→ What you have to do
Find the line containing "Аэропорты РФ получат" in the records below. Copy exactly that line and each one after it, ending at the line containing "O mais jovem", and nothing more.

→ Task inputs
Segment Open

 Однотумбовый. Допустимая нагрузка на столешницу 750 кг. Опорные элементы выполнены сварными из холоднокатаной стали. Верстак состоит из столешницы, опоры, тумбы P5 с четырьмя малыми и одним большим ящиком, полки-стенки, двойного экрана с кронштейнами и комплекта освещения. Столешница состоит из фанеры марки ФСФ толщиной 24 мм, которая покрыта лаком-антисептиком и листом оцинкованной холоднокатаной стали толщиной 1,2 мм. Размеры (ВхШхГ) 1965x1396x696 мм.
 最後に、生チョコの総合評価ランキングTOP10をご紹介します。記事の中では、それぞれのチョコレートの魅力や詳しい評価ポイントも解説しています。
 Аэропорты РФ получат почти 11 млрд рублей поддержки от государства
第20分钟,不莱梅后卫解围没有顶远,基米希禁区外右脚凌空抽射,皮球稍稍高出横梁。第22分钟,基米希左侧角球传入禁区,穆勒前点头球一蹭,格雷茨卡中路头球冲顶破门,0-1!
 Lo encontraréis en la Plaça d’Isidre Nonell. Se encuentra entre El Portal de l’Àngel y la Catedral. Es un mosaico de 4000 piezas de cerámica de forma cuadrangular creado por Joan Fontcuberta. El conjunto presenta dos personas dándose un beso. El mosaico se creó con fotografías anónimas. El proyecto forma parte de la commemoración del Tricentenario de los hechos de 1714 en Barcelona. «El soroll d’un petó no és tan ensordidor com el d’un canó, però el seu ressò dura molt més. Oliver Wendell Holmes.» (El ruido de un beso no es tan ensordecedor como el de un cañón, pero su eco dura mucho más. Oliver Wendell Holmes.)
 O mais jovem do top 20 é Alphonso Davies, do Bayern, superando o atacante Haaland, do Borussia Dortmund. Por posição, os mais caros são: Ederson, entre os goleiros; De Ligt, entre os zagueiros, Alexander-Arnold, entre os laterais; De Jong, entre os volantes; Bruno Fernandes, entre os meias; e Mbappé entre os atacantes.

Segment Closed
Segment Open

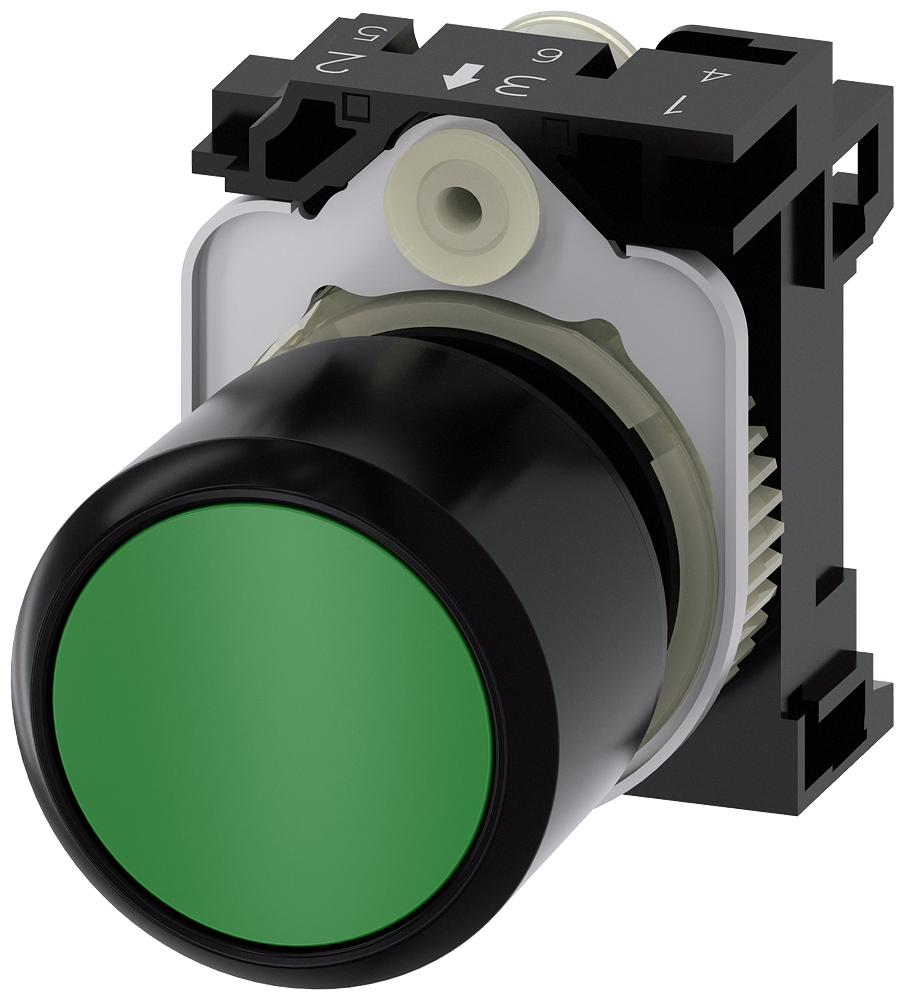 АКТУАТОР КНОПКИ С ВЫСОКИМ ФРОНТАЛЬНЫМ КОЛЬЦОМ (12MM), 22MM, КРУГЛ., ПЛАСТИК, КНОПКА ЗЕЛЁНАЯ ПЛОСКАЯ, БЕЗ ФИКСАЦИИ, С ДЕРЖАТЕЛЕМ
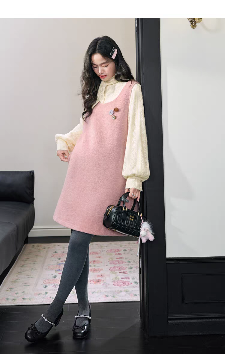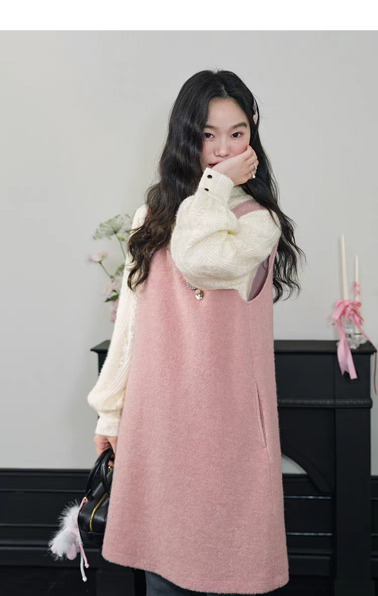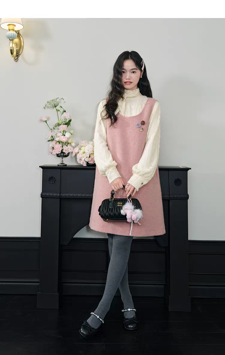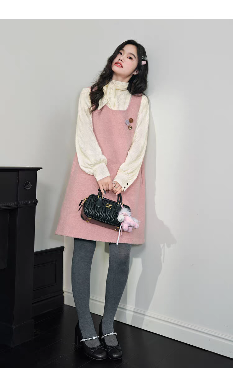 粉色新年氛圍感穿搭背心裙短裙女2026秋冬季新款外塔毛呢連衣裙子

Segment Closed

→ Exercise response
 Аэропорты РФ получат почти 11 млрд рублей поддержки от государства
第20分钟,不莱梅后卫解围没有顶远,基米希禁区外右脚凌空抽射,皮球稍稍高出横梁。第22分钟,基米希左侧角球传入禁区,穆勒前点头球一蹭,格雷茨卡中路头球冲顶破门,0-1!
 Lo encontraréis en la Plaça d’Isidre Nonell. Se encuentra entre El Portal de l’Àngel y la Catedral. Es un mosaico de 4000 piezas de cerámica de forma cuadrangular creado por Joan Fontcuberta. El conjunto presenta dos personas dándose un beso. El mosaico se creó con fotografías anónimas. El proyecto forma parte de la commemoración del Tricentenario de los hechos de 1714 en Barcelona. «El soroll d’un petó no és tan ensordidor com el d’un canó, però el seu ressò dura molt més. Oliver Wendell Holmes.» (El ruido de un beso no es tan ensordecedor como el de un cañón, pero su eco dura mucho más. Oliver Wendell Holmes.)
 O mais jovem do top 20 é Alphonso Davies, do Bayern, superando o atacante Haaland, do Borussia Dortmund. Por posição, os mais caros são: Ederson, entre os goleiros; De Ligt, entre os zagueiros, Alexander-Arnold, entre os laterais; De Jong, entre os volantes; Bruno Fernandes, entre os meias; e Mbappé entre os atacantes.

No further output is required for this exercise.